Study investigates the role of essential genes in acetic acid tolerance

Saccharomyces cerevisiae, also known as Baker’s yeast, is industrially utilized for the production of different biochemicals. These biochemicals can be produced from waste material from the forest or agricultural industry (second-generation biomass).

Vaskar Mukherjee, researcher, and Yvonne Nygård, Associate Professor, both at the Division of Industrial Biotechnology, are two of the researchers behind the study where a CRISPRi library of 9,000 yeast strains was used to investigate the role of essential genes in acetic acid tolerance. Image Credit: Chalmers University of Technology.

Acetic acid is released at the time of mechanical and enzymatic degradation of biomass. It hinders the growth and the biochemical production rate of yeast.

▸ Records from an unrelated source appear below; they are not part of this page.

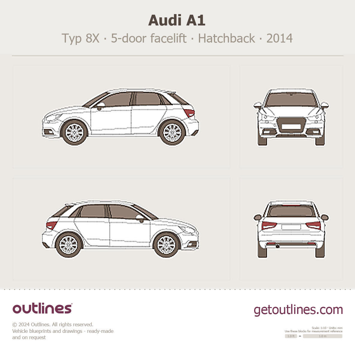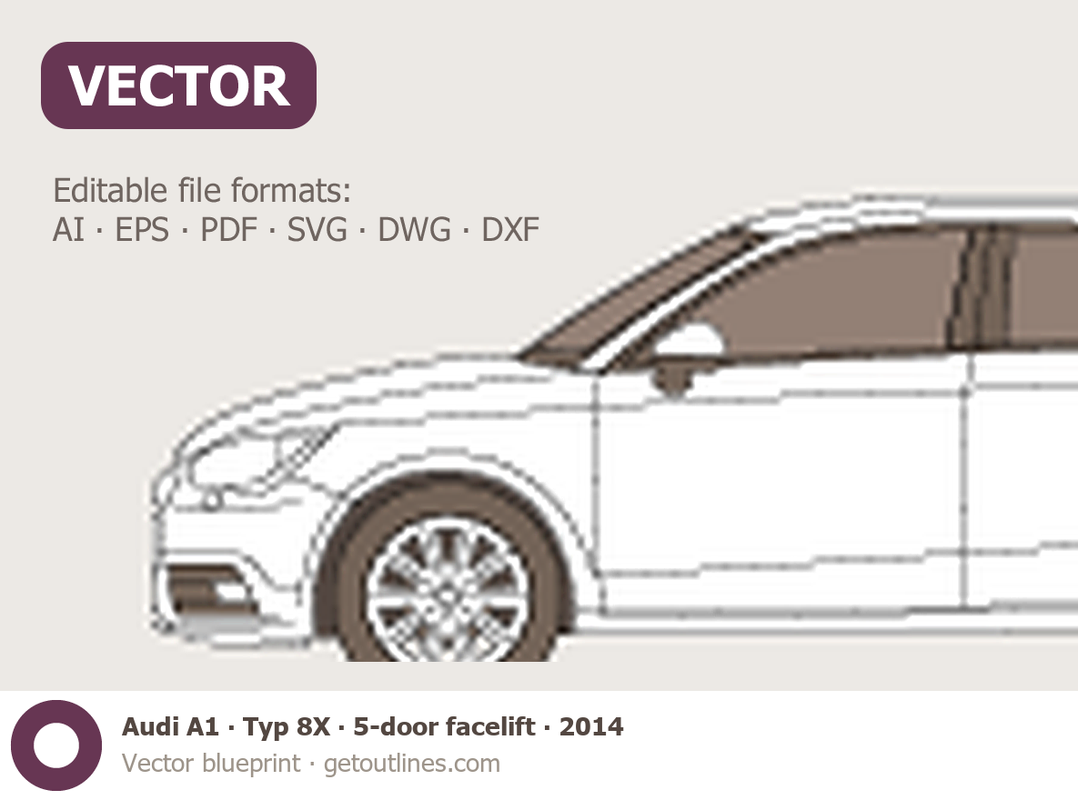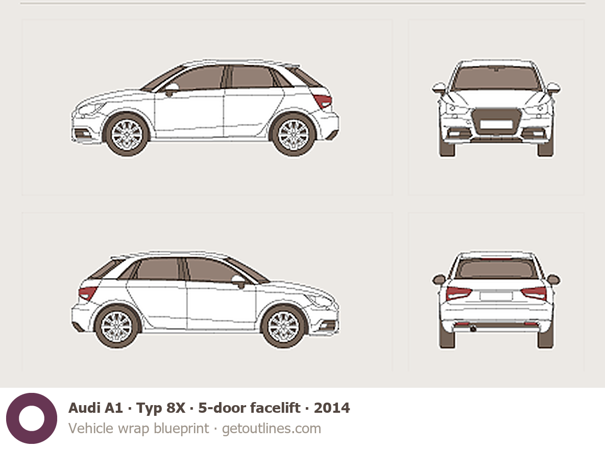 This 2014 Audi A1 Typ 8X 5-door facelift Hatchback blueprint helps designers, wrap studios, and 3D artists simplify their workflow and save valuable time for creative work instead of routine tasks.
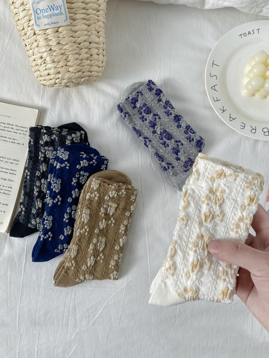5 Pairs Women Floral Jacquard Cotton Socks AK1035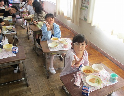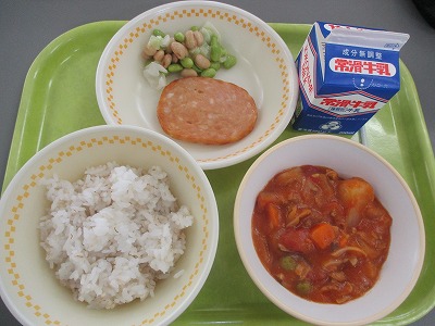 10月16日(月) 給食 公開日 2023/10/16 更新日 2023/10/16 学校日誌 <献立> ○麦ごはん ○牛乳 ○きのこのハヤシライス ○チキンハムステーキ ○まめまめサラダ きのこには「ビタミンD」という栄養素が含まれます。ビタミンDは、カルシウムの吸収を助ける働きのある栄養素です。カルシウムは骨や歯の材料になったり、筋肉の動きを助けたりするなどたくさんの働きがあります。成長期にも欠かせない栄養素であるため、ビタミンDの力も借りていきたいですね。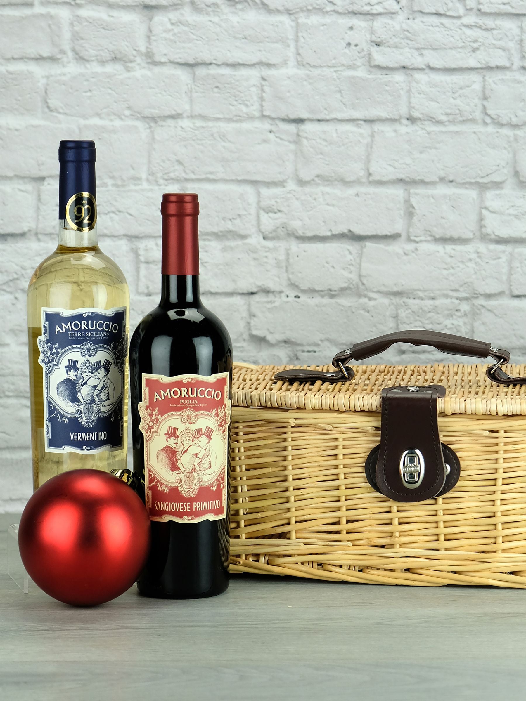 An Italian wine hamper gift featuring a smooth Sangiovese-Primitivo from Puglia and a fresh Vermentino from Sicily. Presented in a woven hamper with leather handle. 2x 750ml Bottles.

Recently, scientists from Chalmers employed high-resolution CRISPRi library screening to offer a novel understanding of the stress response of yeast. They also identified novel target genes for the bioengineering of efficient industrial yeast.

We are presenting a massive dataset that offers an extraordinary resolution of the functional contribution of essential genes in baker’s yeast under acetic acid stress. This was never attempted before.”

Vaskar Mukherjee, Study First Author and Researcher, Division of Industrial Biotechnology, Chalmers University of Technology

According to Yvonne Nygård, study last author and an Associate Professor at Chalmers, “In the strain library we screened, the expression of all essential genes was altered, something which was very difficult to do before the discovery of the CRISPR-Cas9-technology.”

Reduced expression of essential genes using CRISPRi

CRISPR interference (CRISPRi) is a robust tool to analyze cellular physiology under various growth conditions. Using this derivative of the Nobel prize-winning CRISPR-Cas9 technology, genes are neither inserted nor deleted, but the regulation of the target gene is altered.

The scientists employed CRISPRi technology to decrease the expression of the essential genes (genes when deleted result in the death of the organism) and thereby reduce the level of the protein coded by the target gene.

For most of the essential genes, this keeps the organism viable, and we also get to see the functional contribution of that gene at different expression levels under different nutrient or environmental conditions, in this case under acetic acid stress.”

Vaskar Mukherjee, Study First Author and Researcher, Division of Industrial Biotechnology, Chalmers University of Technology

Proteosomal genes involved in acetic acid tolerance

The researchers utilized a CRISPRi library containing over 9,000 yeast strains and targeted more than 98% of all vital and respiratory growth-essential genes. The findings indicate that refining the expression of proteasomal genes leads to higher tolerance to acetic acid.

The proteosome is a protein complex that degrades damaged or excess proteins by spending ATP—an organic compound that supplies energy to induce numerous mechanisms in living cells and is specifically necessary for huge amounts in yeast cells to deal with acetic acid stress.

The researchers put forth that adaptation of proteasomal degradation of oxidized proteins safeguards ATP and thus increases tolerance to acetic acid. The findings are of great interest, indicating that these genes can be targeted for bioengineering of enhanced industrial cells.

Our results allowed us to build rational mechanistic models that expand our current understanding of molecular biology of yeast under acetic acid stress. I am sure our footsteps will be followed by many researchers to screen essential genes under many other different conditions. I believe our dataset will be used by academia or industries to identify novel genetic candidates to bioengineer robust acetic acid-tolerant yeast strains.”

Vaskar Mukherjee, Study First Author and Researcher, Division of Industrial Biotechnology, Chalmers University of Technology

More research on yeast and second-generation biomass

Scientists from Chalmers are currently experimenting on three various projects employing similar technologies. One of the projects deals with the use of CRISPRi technology to pinpoint new bioengineering genetic candidates to enhance co-utilization of glucose and xylose at the time of biochemical fermentation employing second-generation biomass.

Wild S. cerevisiae is not capable of metabolizing xylose, and a xylose-utilizing engineered strain of S. cerevisiae favors glucose over xylose as the primary carbon source. Consequently, xylose consumption is mostly incomplete in industrial second-generation biochemical fermentation and persists as a major bottleneck for the commercial production of second-generation biochemicals.